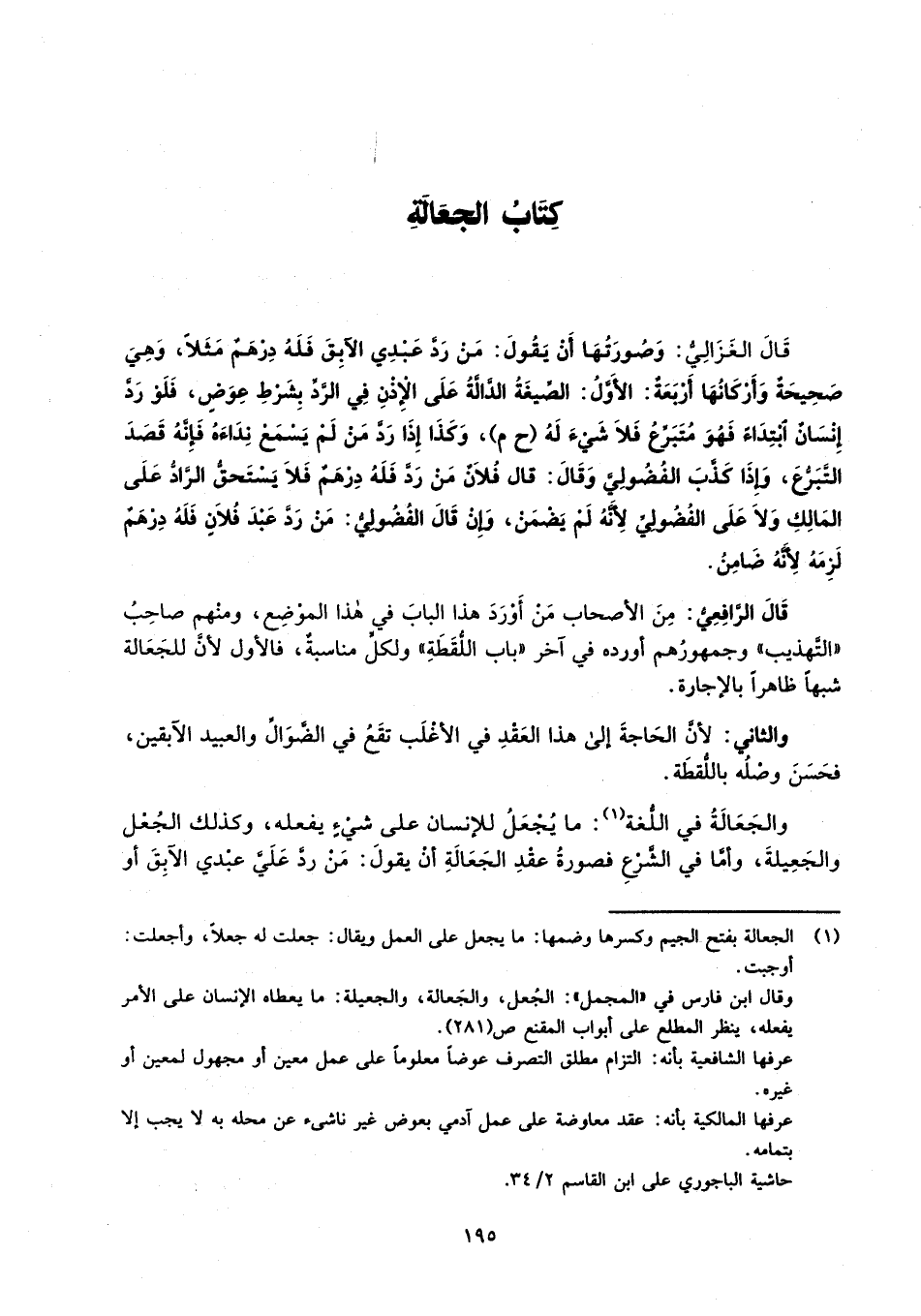 (¬1) الجعالة بفتح الجيم وكسرها وضمها: ما يجعل على العمل ويقال: جعلت له جعلاً، وأجعلت: أوجبت.
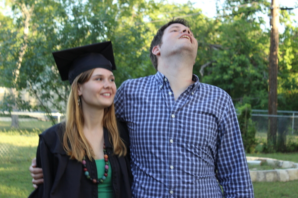 A picture of a boy standing next to a girl graduating from school.
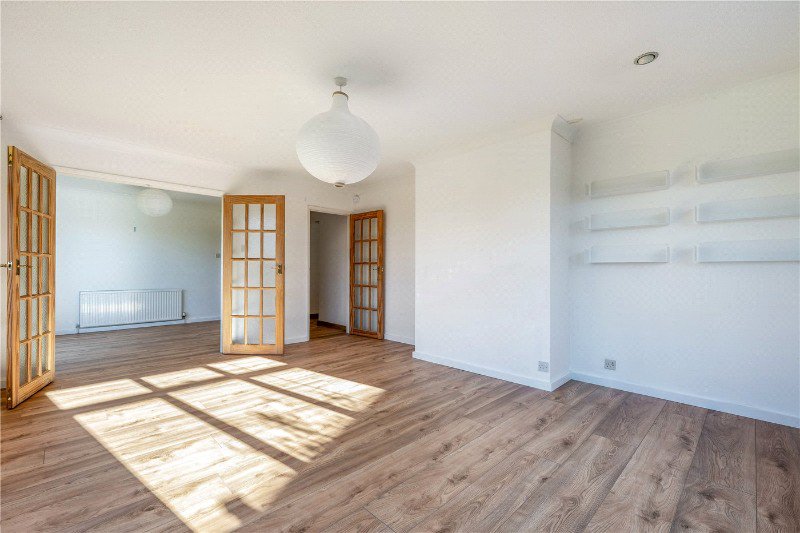 A generous front garden creates an immediate sense of space and privacy, with a pathway leading to the front door and into a welcoming entrance hall. At the heart of the property is a spacious reception hall which forms the hub of the home and allows the property to flow beautifully, providing access to the principal accommodation and offering flexibility as an additional reception space. The sitting room enjoys generous proportions and large windows which allow natural light to flood in, creating a bright and inviting space ideal for both everyday living and entertaining. Double doors connect through to the dining room, which enjoys a pleasant outlook over the rear garden and has sliding doors leading out.
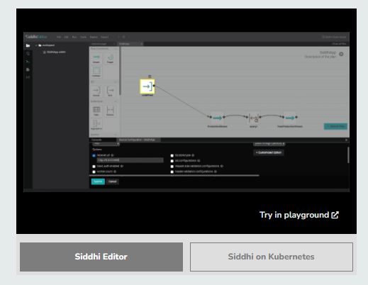 - Siddhi provides web-based graphical and textual tooling for development
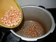 花生洗净,放入高压锅,加适量水,加八角,桂皮,大火煮开,小火闷10分钟,关火
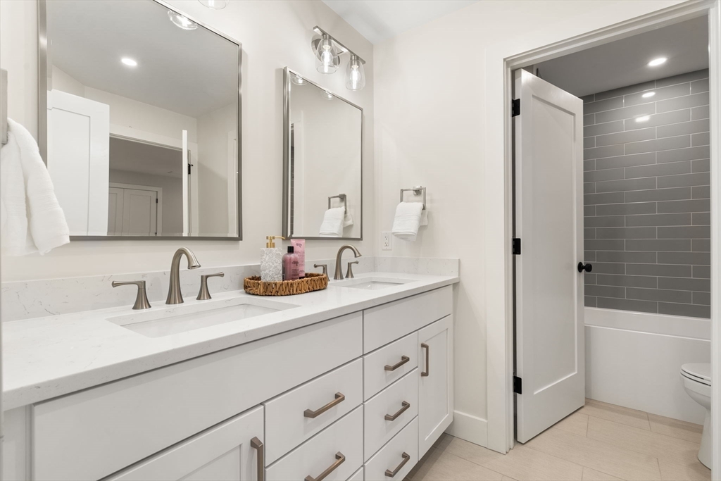 Elegantly crafted NEW CONSTRUCTION designed for today's living, this townhouse-style home offers 3 bedrooms, 3.5 baths, and a 2-car garage w/custom finishes and a flexible open floor plan ideal for everyday living & entertaining. The main level features a high-end kitchen w/quartz counters & backsplash, painted cabinetry & gorgeous cashew-stained island w/beverage center, Thermador SS appliances, gas range, and built-in microwave. The kitchen opens to a sun-filled family room with gas fireplace, quartz surround, custom mantel, detailed wall molding, high ceilings, recessed lighting & hardwood floors throughout. The primary suite includes a spa-like bath with soaking tub, separate vanities, makeup vanity with lighted mirror, and custom closet. The finished LL offers two finished rooms, a full bath & vinyl plank flooring. Laundry room w/cabinetry w/quartz counters. Black matte hardware throughout, abundant natural light, rare large backyard, easy highway access complete this a MUST SEE!

□ □ □ □

The problem: Every line above should be transcribed exactly, though no image should be carried over.

Solved exercise:
 (¬1) الجعالة بفتح الجيم وكسرها وضمها: ما يجعل على العمل ويقال: جعلت له جعلاً، وأجعلت: أوجبت.
 A picture of a boy standing next to a girl graduating from school.
 A generous front garden creates an immediate sense of space and privacy, with a pathway leading to the front door and into a welcoming entrance hall. At the heart of the property is a spacious reception hall which forms the hub of the home and allows the property to flow beautifully, providing access to the principal accommodation and offering flexibility as an additional reception space. The sitting room enjoys generous proportions and large windows which allow natural light to flood in, creating a bright and inviting space ideal for both everyday living and entertaining. Double doors connect through to the dining room, which enjoys a pleasant outlook over the rear garden and has sliding doors leading out.
 - Siddhi provides web-based graphical and textual tooling for development
 花生洗净,放入高压锅,加适量水,加八角,桂皮,大火煮开,小火闷10分钟,关火
 Elegantly crafted NEW CONSTRUCTION designed for today's living, this townhouse-style home offers 3 bedrooms, 3.5 baths, and a 2-car garage w/custom finishes and a flexible open floor plan ideal for everyday living & entertaining. The main level features a high-end kitchen w/quartz counters & backsplash, painted cabinetry & gorgeous cashew-stained island w/beverage center, Thermador SS appliances, gas range, and built-in microwave. The kitchen opens to a sun-filled family room with gas fireplace, quartz surround, custom mantel, detailed wall molding, high ceilings, recessed lighting & hardwood floors throughout. The primary suite includes a spa-like bath with soaking tub, separate vanities, makeup vanity with lighted mirror, and custom closet. The finished LL offers two finished rooms, a full bath & vinyl plank flooring. Laundry room w/cabinetry w/quartz counters. Black matte hardware throughout, abundant natural light, rare large backyard, easy highway access complete this a MUST SEE!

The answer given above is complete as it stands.